- Education: Columbia University and University of Cambridge
- Known for: Contributions to the Compact Muon Solenoid (CMS) particle physics experiment at CERN
- Awards: Fellow of the American Physical Society (2019) Alfred P. Sloan Research Fellowship (2012)

= Tulika Bose =

American scientist

Tulika Bose is a professor of physics at the University of Wisconsin-Madison, whose research focuses on developing triggers for experimental searches of new phenomena in high energy physics. Bose is a leader within the Compact Muon Solenoid (CMS) experiment, a CERN collaboration famous for its experimental observation of the Higgs boson in 2012.

==Early life and education==

Bose completed a B.Sc. in physics at the University of Delhi in India in 1996 and a B.A. in the Natural Sciences Tripos at the University of Cambridge in 1998. Subsequently, Bose performed doctoral research at Columbia University, receiving her PhD in experimental particle physics in 2006. Her PhD dissertation, entitled "Search for B_{s}^{0} oscillations at DØ", describes the collection and analysis of data from the DZero experiment at Fermilab from 2002 to 2005. Bose completed post-doctoral training at Brown University.

==Career==

Bose was an Assistant Professor (2008–2015) and then an Associate Professor (2015–2018) of Physics at Boston University, before becoming a professor of physics at the University of Wisconsin-Madison in 2018. She was Trigger Coordinator of the CMS experiment from 2014 to 2016, overseeing the triggering and data acquisition of proton-proton collision experiments at CERN. From 2017 to 2019, she was the CMS Physics Co-Coordinator, acting as one of the two scientists who organized reviews of 100 yearly research publications from the CMS experiment.
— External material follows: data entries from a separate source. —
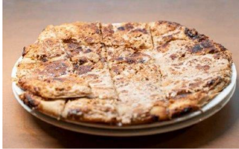
Söke Tahinli Pidesi (2024 – Mahreç türünde)
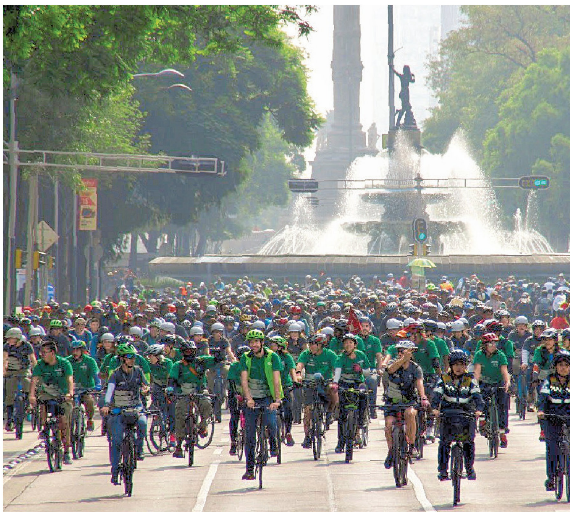
En la sexta edición del evento participaron 12,800 ciclistas; partieron de avenida Universidad con meta en Chapultepec. 12

Rodada rompe récord a favor de movilidad alternativa
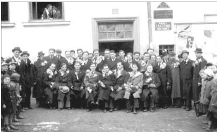
Mobilizace 1938 v Polně; muži před odjezdem ke svým vojenským útvarům
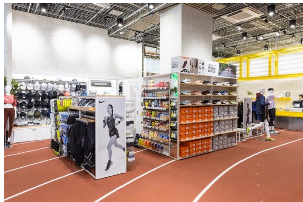
人工芝を用いたサッカーコーナーや国立競技場のタータンを使用したランニングシューズ試着スペース (画像はイメージです)
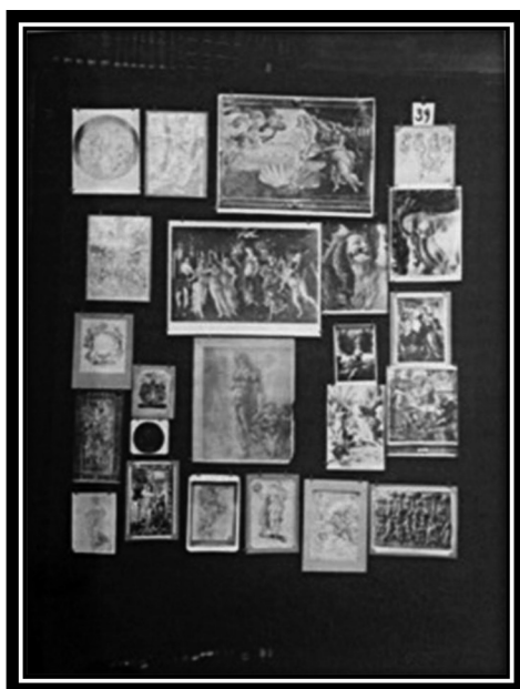
Figura 4. Atlas de imagens Mnemosyne , prancha 39, a ninfa em movimento, 1927-1929

Entre essas questões elucidadoras da teoria de pós-vida, encontrarse-ia a criação do Atlas Mnemosyne (figuras 4 e 5). A grande proposta desse Atlas seria poder dispor e visualizar, ampla e paralelamente, diversas imagens em um mesmo plano, o que permite uma exploração e um desdobramento até então impensáveis para a imagem. Por meio da fototeca e desse Atlas, Warburg permitiria um desdobramento das possibilidades de seu pensamento por meio das imagens. Possibilidades estas registradas pelo pesquisador com o auxílio da fotografia.
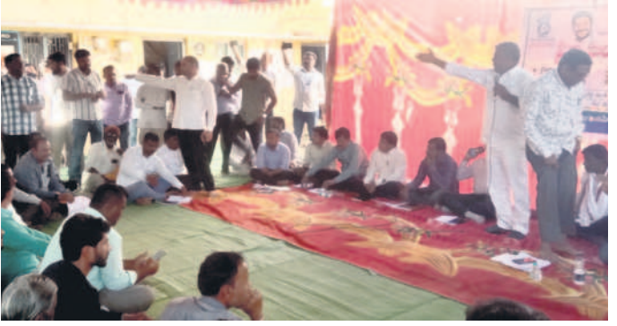
ఇంద్రవెల్లి : వాగ్వివాదానికి దిగిన కాంగ్రెస్ పార్టీ, బీఆర్ఎస్ పార్టీ నాయకులు

Bose has served on several international and national committees, including as an elected member of the APS Division of Particles and Field (DPF) executive committee and a member of the Fermilab LHC Physics Center Management Board.

==Awards and honors==

- Alfred P. Sloan Research Fellowship (2012)
- LHC Physics Center Distinguished Researcher Award (2014)
- Elected fellow of the American Physical Society (2019): “For leadership coordinating the CMS physics program and trigger system, and for contributions to the development of high level triggers and searches for heavy vector bosons and vector-like quarks.”
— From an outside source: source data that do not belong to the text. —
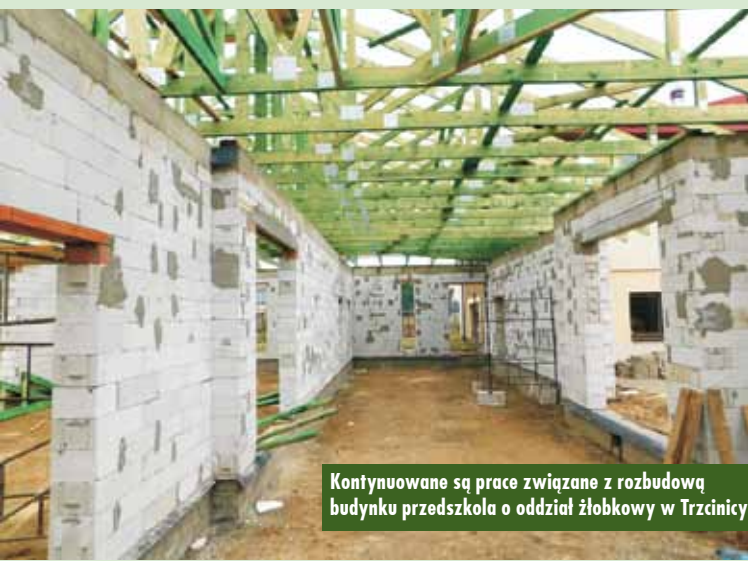
Kontynuowane są prace związane z rozbudową budynku przedszkola o oddział żłobkowy w Trzcínicy

Przypomnijmy, iż uruchomienie oddziału żłobkowego planowane jest na 1 grudnia 2019 r. Oprac. bem
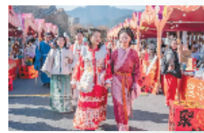
宋福杭州年在富春山居启动

办首届国际皮划艇超级杯、百村篮球赛等赛事活动。让富春山居文化故事声高传远,围绕“家在富春江上”文化品牌,让更多城市资源转化为文旅资源,以高质量公共服务供给让群众近享诗意生活。
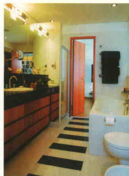
Bisazza grīdas klājuma un ķirškoka mēbeļu stingrā ģeometrija, ko papildina striktā stilā ieturēti Agape vannasistabas gaismekļi un aksesuāri.
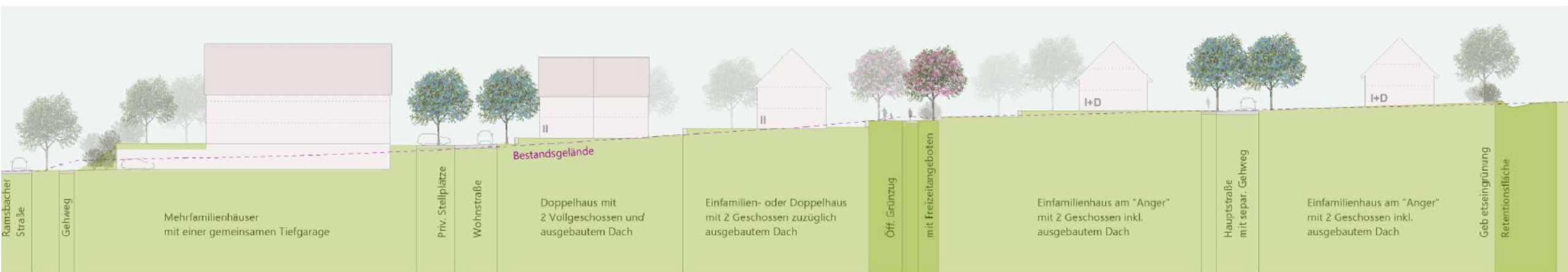
Schnitt Süd-Nord 2
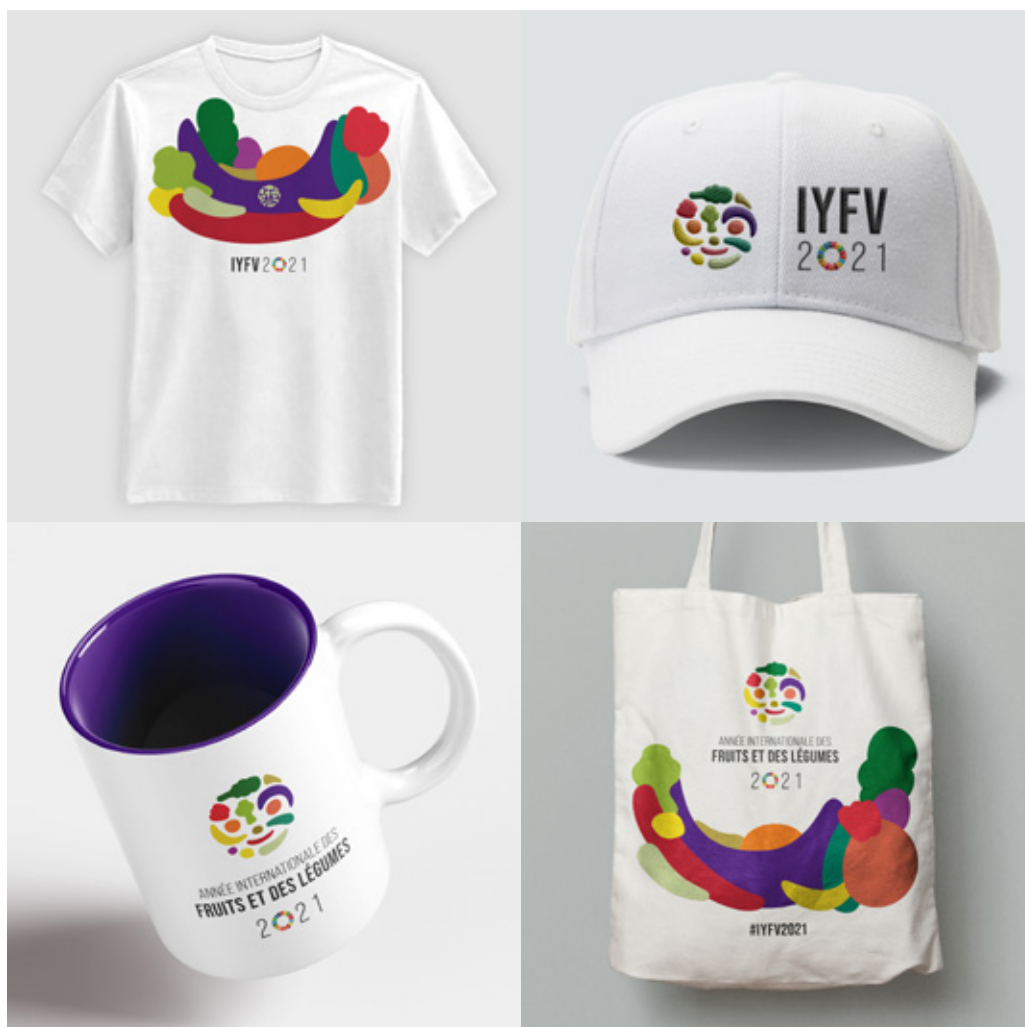
Figure 7: Casquette Figure 8: Tasse Figure 9: T-Shirt Figure 10: Sac fourre-tout
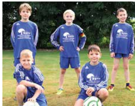
Ahlhorner SV - 4. Platz.

== Selected publications ==

- “Observation of a new boson at a mass of 125 GeV with the CMS experiment at the LHC”, CMS Collaboration, Phys. Lett. B 716 (2012) 30.
- “Combined results of searches for the standard model Higgs boson in pp collisions at √ s = 7 TeV”, CMS Collaboration, Phys. Lett. B 710 (2012) 26.
- “Search for a W′ or Techni-rho decaying into WZ in pp Collisions at sqrt(s) = 7 TeV”, CMS Collaboration, Phys. Rev. Lett. 109 (2012) 071803.
- “Search for top-quark partners with charge 5/3 in the same-sign dilepton final state”, CMS Collaboration, Phys. Rev. Lett. 112 112 171801 (2014).
- "Search for W' to tb in proton-proton collisions at sqrt(s) = 8 TeV", CMS Collaboration, JHEP 02 (2016) 122.
- “The CMS Trigger system”, CMS Collaboration, JINST 12 (2017) no.01, P01020, arXiv:1609.02366 [physics.ins-det].